Thursday 5 August 2010

The Flying Monk

Having put the article about Charles Waterton and his attempts to fly on the blog yesterday I looked at one of the links attached to it, that about Eilmer of Malmesbury, and thought I would also re-cycle that and add a few observations of my own. This is what The Lion And The Cardinal has:

EARLY CATHOLIC AVIATORS, part I: EILMER of MALMESBURY



Dr. Richard P. Hallion:
The first known serious flight attempt in world history occurred about a thousand years before the Wright brothers, in western England. Then, a young Benedictine monk leapt with a crude pair of cloth wings from a watchtower of a church abbey at the beginning of the 11th century. This monk, known to history as Eilmer of Malmesbury, covered a furlong - a distance of approximately 600 feet - before landing heavily and breaking both legs. Afterwards, he remarked that the cause of his crash was that he had forgotten to provide himself with a tail.

We know of Eilmer's attempt through the writings of a historian, William of Malmesbury, who mentions the flight in passing. Of more interest to William was that Eilmer, late in his life, was the first person to spot a comet which people then credited as being an omen of the Norman invasion of England by William the Conqueror.
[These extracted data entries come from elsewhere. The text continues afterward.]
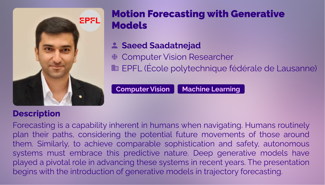 Forecasting is a capability inherent in humans when navigating. Humans routinely plan their paths, considering the potential future movements of those around them. Similarly, to achieve comparable sophistication and safety, autonomous systems must embrace this predictive nature. Deep generative models have played a pivotal role in advancing these systems in recent years. The presentation begins with the introduction of generative models in trajectory forecasting. A novel automated assessment, described as an essential but previously unexplored approach, is presented to objectively evaluate the performance of these models, shedding light on how state-of-the-art models can generate forecasts that violate social norms and scene constraints. To mitigate that, the impact of additional visual cues that humans subconsciously exhibit when navigating space is explored. Moving on to a fine-grained representation, human body pose forecasting is discussed. A generic model is introduced to deal with not only clean environments but also real-world noisy observations. Employing a diffusion-based approach for pose forecasting, the task is framed as a denoising problem. The presentation closes by briefly exploring future directions in this field.
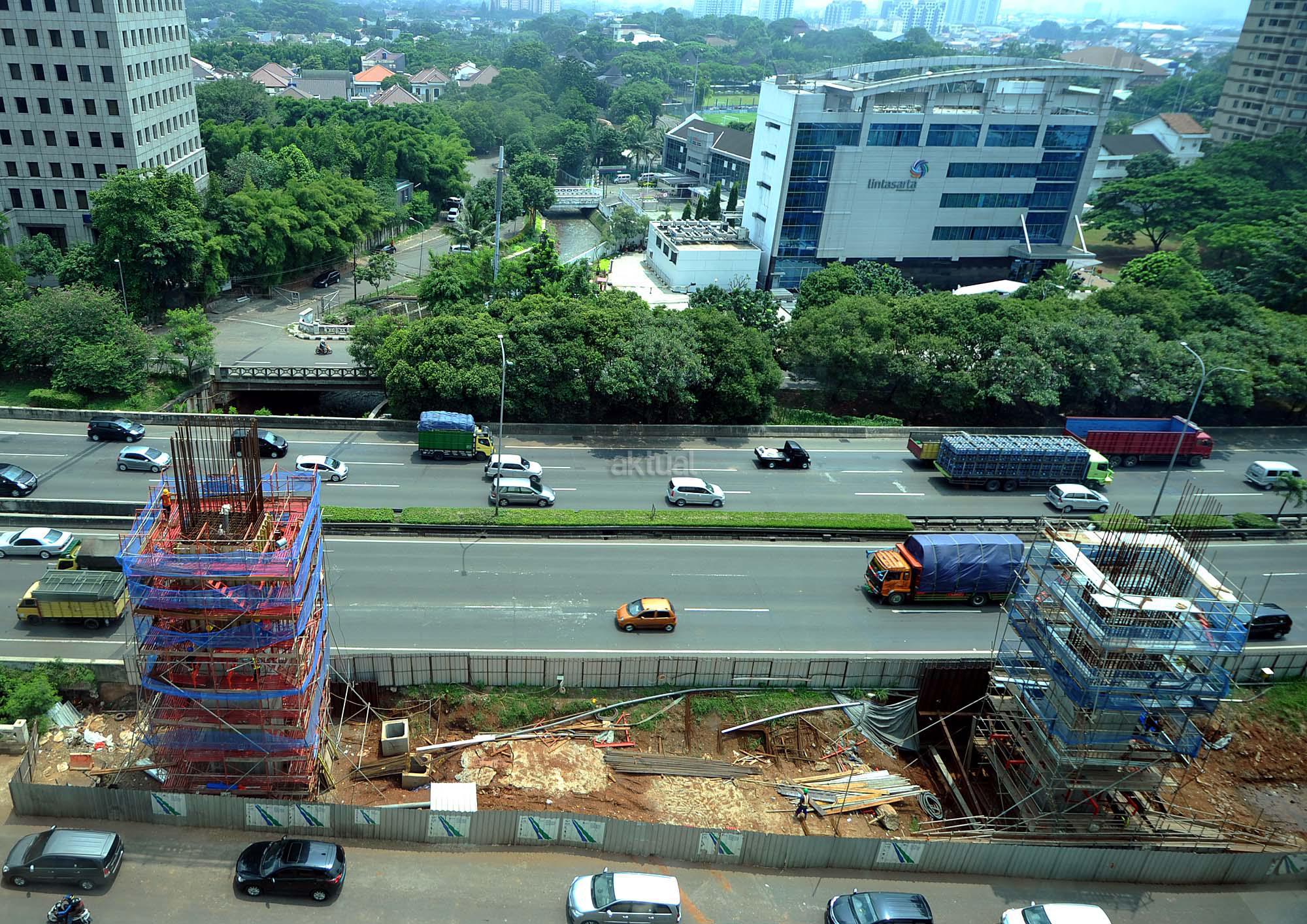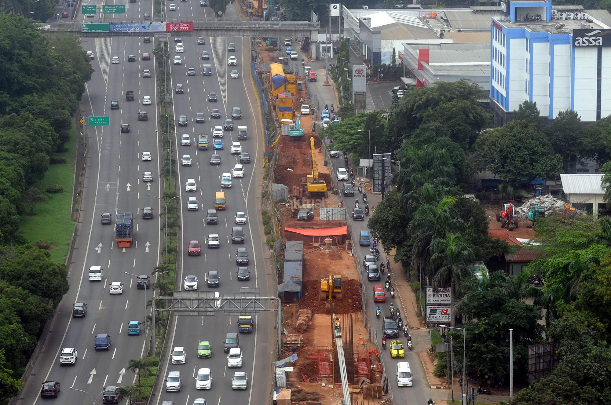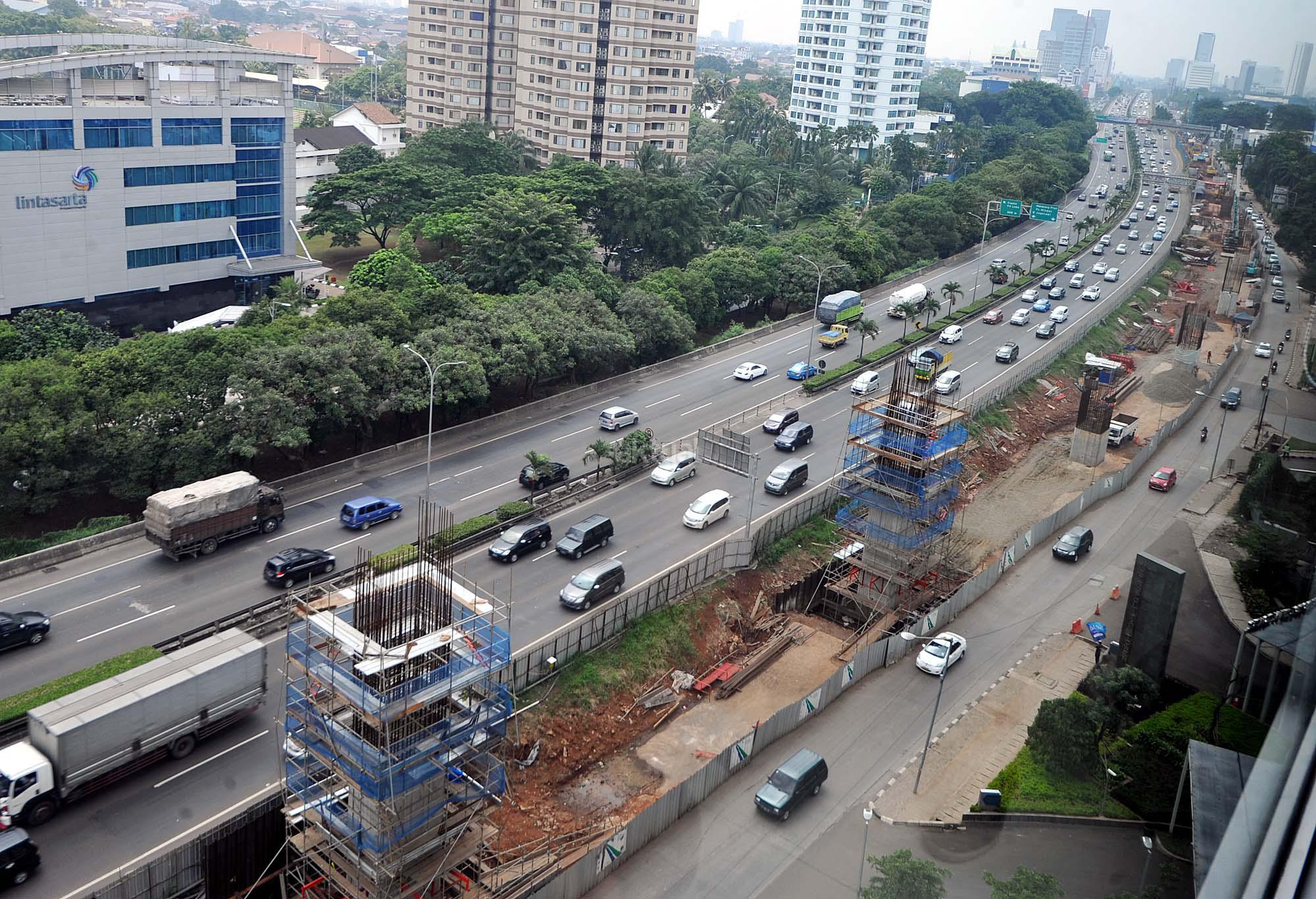 Kendaraan melewati kawasan pembangunan infrastruktur jalur layang Mass Rapid Transit (MRT) di Jalan TB Simatupang, Jakarta Selatan, Minggu (27/3). Gubernur DKI Jakarta Basuki Tjahaja Purnama memprediksi pengoperasian Mass Rapid Transit (MRT) akan molor dari jadwal yang telah ditargetkan. Hingga saat ini pembangunan MRT masih terkendala pembebasan lahan di Jalan Raya Fatmawati, Jakarta Selatan.
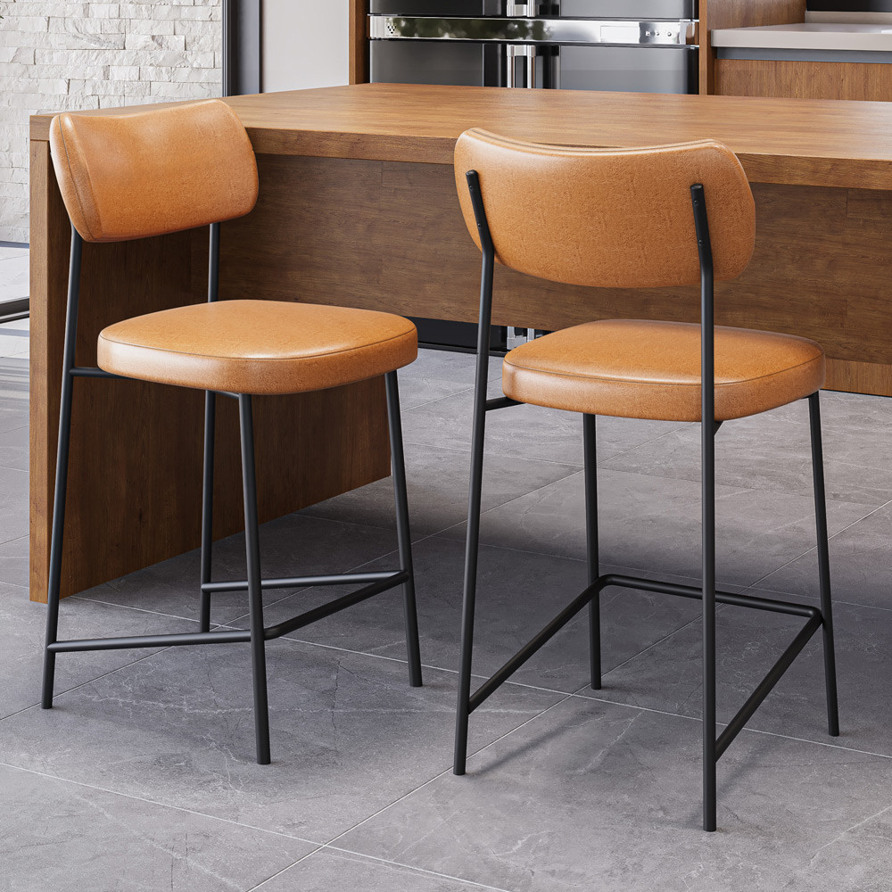 Kit 03 Banquetas Baixa Bar Cozinha Sala De Jantar Preto Elira L02 Couríssimo Whisky - Lyam Decor
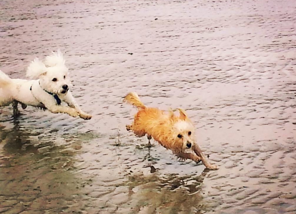 This is him chasing his buddy Tiny on the beach.
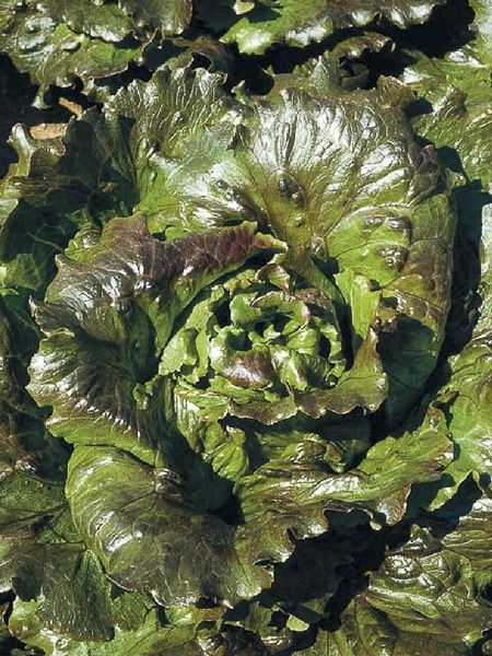 Laitue à grosse et lourde pomme. Feuilles légèrement cloquées, vert foncé brillant teinté de rouge. Très rustique, résistante à la montée à graines.
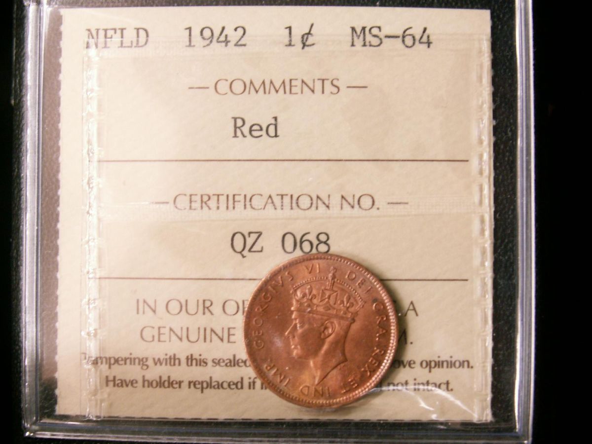 1942 Nfld 1¢ ICCS MS64RD. Lustrous and 75% red.
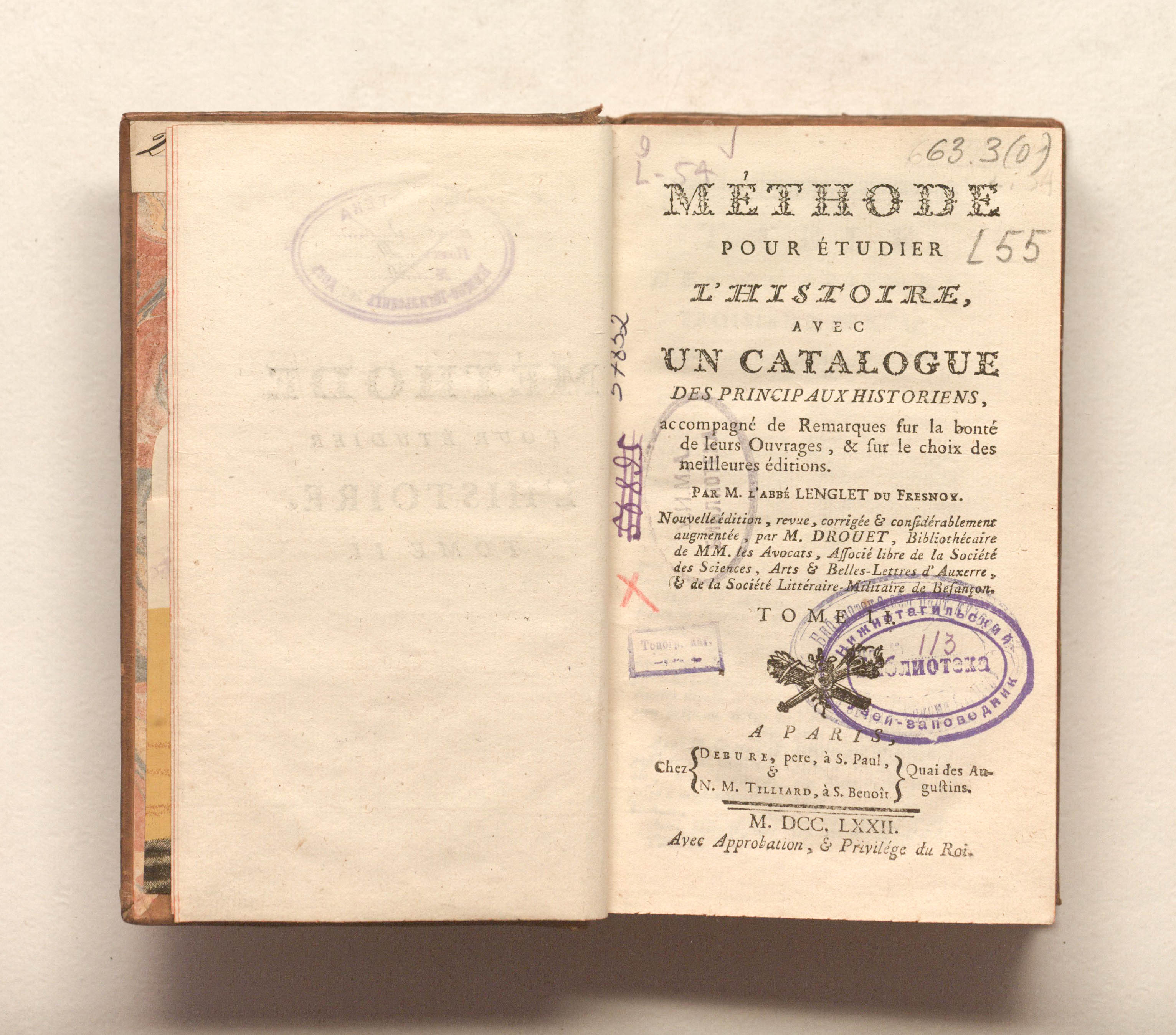 Метод изучения истории, с каталогом основных историков, сопровождаемым замечаниями о качестве их работ и выборе лучших изданий. Новое издание, переработанное, исправленное и значительно дополненное г-ном Друэ, ... Т. 2. — Париж: Дебюр отец; Тийяр, 1772. — IV, 528 с.; 10х17 см.
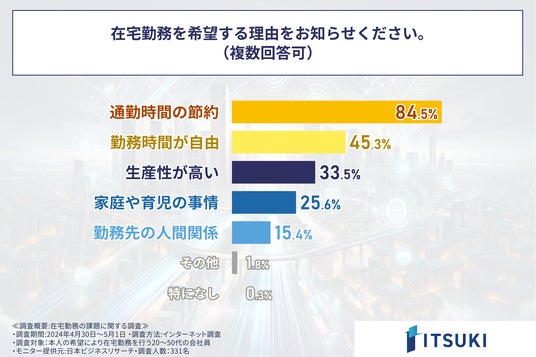 まず、「在宅勤務を希望する理由」を問う設問の回答では「通勤時間の節約」が圧倒的に多く84.5%で第1位、その次に「勤務時間が自由」が45.3%で2位に続き、在宅勤務は会社に出勤するよりも時間的自由度が高い点をメリットと感じていることがわかりました。

Eilmer typified the inquisitive spirit of medieval enthusiasts who developed small drawstring toy helicopters, windmills, and sophisticated sails for boats. As well, church artists increasingly showed angels with ever-more-accurate depictions of bird-like wings, detailing the wing's camber that would prove crucial to generating the lifting forces enabling a bird - or an airplane - to fly. This climate of thought led to general acceptance that air was something that could be worked. Flying was thus not magical, but could be attained by physical effort and human reasoning.

Eilmer was an individual of remarkable daring and boldness. He leapt from the top of a tower, passed over a city wall, descended into a small valley by the River Avon, and then fell into a marshy field fully 150 feet lower than the point of his leap. Of his wings, we can surmise that they were constructed of ash or willow-wand, covered with a light cloth, and perhaps attached to pivots on either side of a back-brace, with hand-holds so he could hopefully flap them.

Given the geography of the Abbey, his landing site, and the account of his flight, he must have remained airborne about 15 seconds. At low altitude he apparently attempted to flap the wings, which threw him out of control. His post-flight assessment qualifies him as the first test pilot, for he sought to understand, in technological terms, what happened on the flight and why he crashed. Malmesbury exists today, much changed and quite quaint, near Swindon and Bristol. The Abbey features a stained-glass window of Brother Eilmer. Alas, a nice pub named The Flying Monk is no more, replaced by a shopping centre.


To this I would add the following thoughts. First, it is good to see a piece about the Flying Monk which treats him seriously, and not as just another lovable medieval monastic eccentric.

Secondly I think we must see Eilmer, who from his comet observation in 1066 clearly continued to be interested in scientific matters. He appears to belong to that English tradition in the eleventh and twelfth centuries that showed a remarkable interest in scientific observation, and which was concentrated in the western Midlands and the south west. Thus Adelard of Bath (c.1080- c.1152), a seeming polymath who traveled widely on the continent, about whom there are links here and here, or the monks of Worcester cathedral who were making drawings of sun spots in the early years of the twelfth century, or the observational interests of the canons of Hereford at the same time - and not least there the activities of Dinah, the lady astronomer who calculated by trigonometry the height of the cathedral tower - and that in the reign of King Henry I. This topic is introduced and developed, with classic elegance, in Sir Richard Southern's "Robert Grosseteste" (OUP).

So Eilmer the Flying Monk may have made history as the first recorded individual to have actually flown - but he should also be seen as part of a lively intellectual and practical tradition that witnesses to the vitality of his age and country.